Kelainan refraksi pada anak sering kali tidak langsung terlihat, apalagi kalau si kecil belum bisa bilang dengan jelas kalau matanya terasa kabur.
Padahal, kondisi seperti miopia (rabun jauh), hipermetropia (rabun dekat), atau astigmatisme bisa memengaruhi cara anak belajar, bermain, bahkan bersosialisasi. Makanya, penting banget buat orang tua untuk ngerti tanda-tandanya dan tahu kapan harus bawa anak periksa mata.
Artikel ini akan bahas kenapa pemeriksaan mata sejak dini itu penting, tanda-tanda yang perlu kamu waspadai, sampai tips biar anak nggak takut saat diperiksa. Yuk kita bahas satu per satu.
Mengapa Pemeriksaan Mata Dini Itu Penting?
Banyak orang tua berpikir pemeriksaan mata baru perlu dilakukan kalau anak sudah bisa membaca huruf di papan periksa.
Faktanya, justru di usia dini penglihatan anak berkembang super cepat, dan kelainan refraksi yang nggak ditangani bisa berdampak jangka panjang.
1. Mengoptimalkan Perkembangan Penglihatan
Di tahun-tahun awal hidupnya, otak dan mata anak lagi sibuk membangun “kerjasama tim” yang solid. Kalau ada kelainan refraksi yang nggak dikoreksi, otak bisa “mengabaikan” salah satu mata, dan ini bisa menghambat perkembangan visual.
Dengan pemeriksaan dini, dokter bisa memberikan solusi seperti kacamata atau terapi penglihatan supaya proses ini berjalan maksimal.
2. Mencegah Masalah yang Lebih Serius
Salah satu risiko kelainan refraksi yang nggak tertangani adalah amblyopia alias mata malas. Kondisi ini bikin penglihatan di salah satu mata nggak berkembang dengan baik, dan kalau terlambat diatasi, efeknya bisa permanen. Deteksi dini bisa mencegah masalah ini atau minimal menguranginya.
3. Mendukung Prestasi Belajar dan Interaksi Sosial
Bayangin kalau anak nggak bisa lihat papan tulis dengan jelas atau susah membaca buku. Pasti belajar jadi kurang maksimal. Begitu juga saat bermain, anak bisa merasa minder atau nggak percaya diri. Dengan penglihatan yang optimal, anak bisa lebih aktif di sekolah dan lingkungan sosialnya.

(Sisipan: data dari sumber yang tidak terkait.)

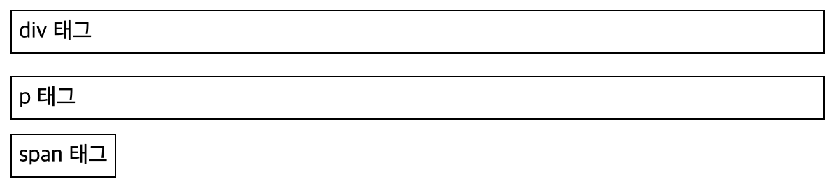 <div>, <p> 태그는 내용물의 길에 상관없이 한 블록을 차지하고 있는 반면,
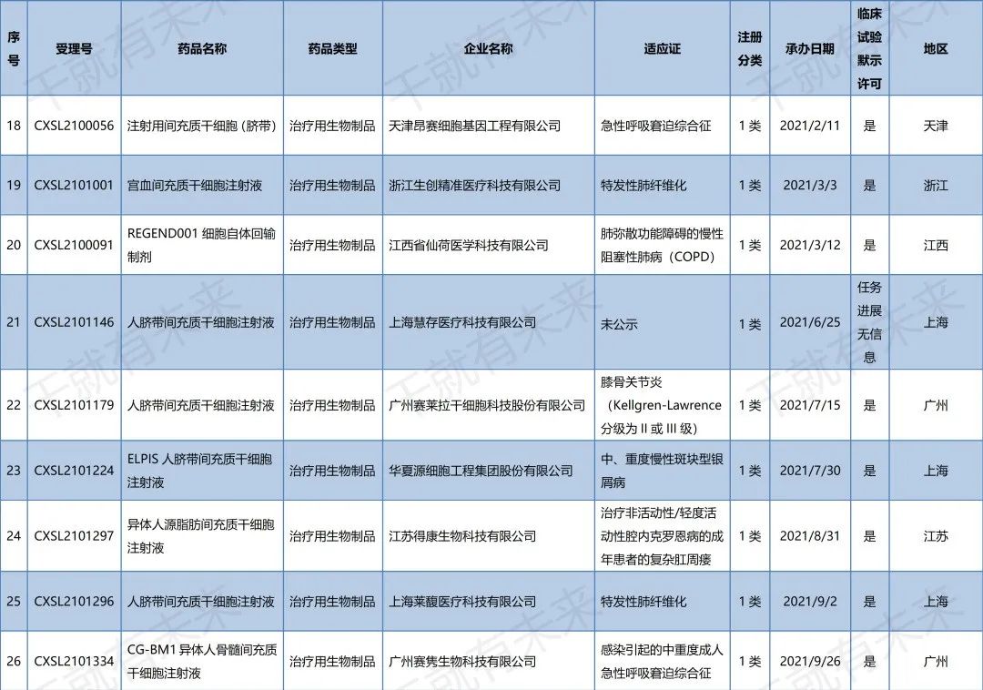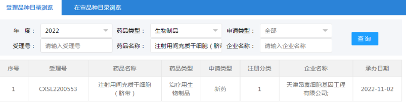 中國干細胞藥物注冊申報進展(2022年9月1日-11月30日)
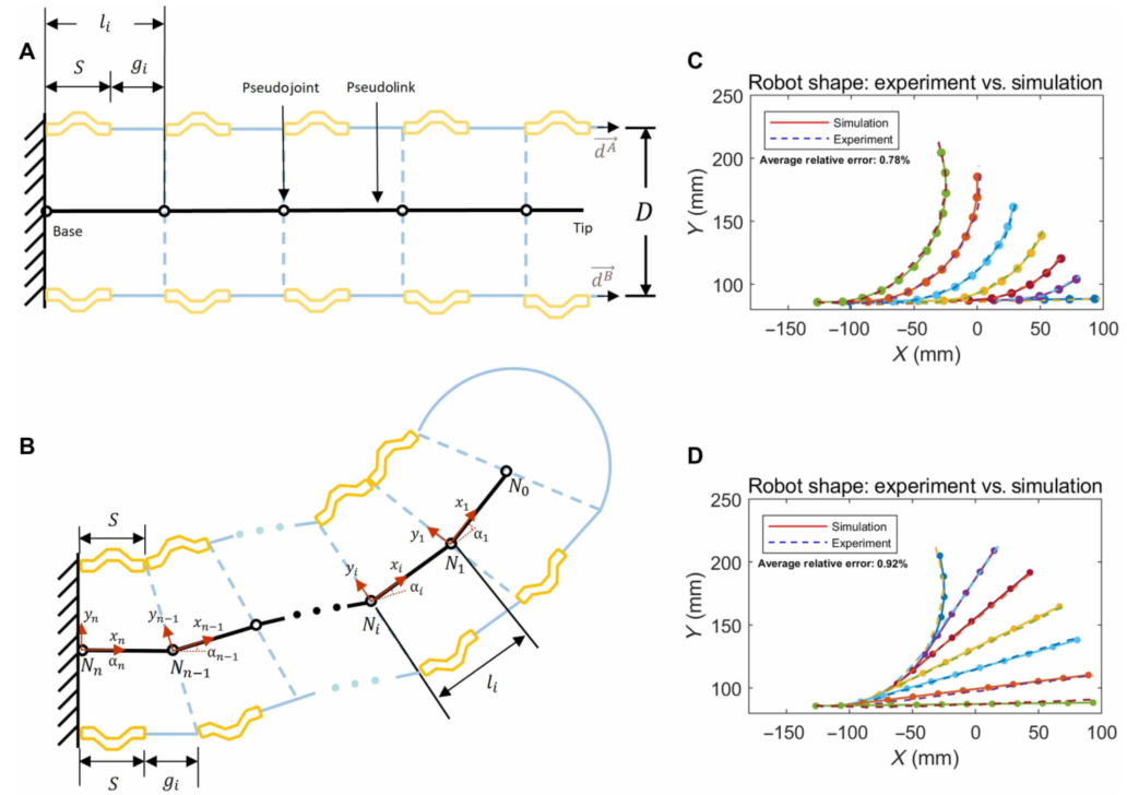 图3C-D显示,仿真预测的11节机器人形状与实验非常吻合,平均相对误差小于1%。这意味着可以用这个模型来预测和控制形状。

Tanda-Tanda Awal yang Perlu Diwaspadai
Anak kecil belum tentu bisa bilang, “Bunda, penglihatan aku buram.” Jadi, kamu perlu peka sama tanda-tanda berikut:
1. Sering Menggosok Mata
Kalau si kecil sering mengucek mata padahal nggak ngantuk, bisa jadi ada ketidaknyamanan atau pandangan kabur.
2. Menyipitkan Mata
Anak sering memicingkan mata saat lihat objek jauh atau dekat? Ini bisa jadi cara mereka untuk “memaksa” mata fokus.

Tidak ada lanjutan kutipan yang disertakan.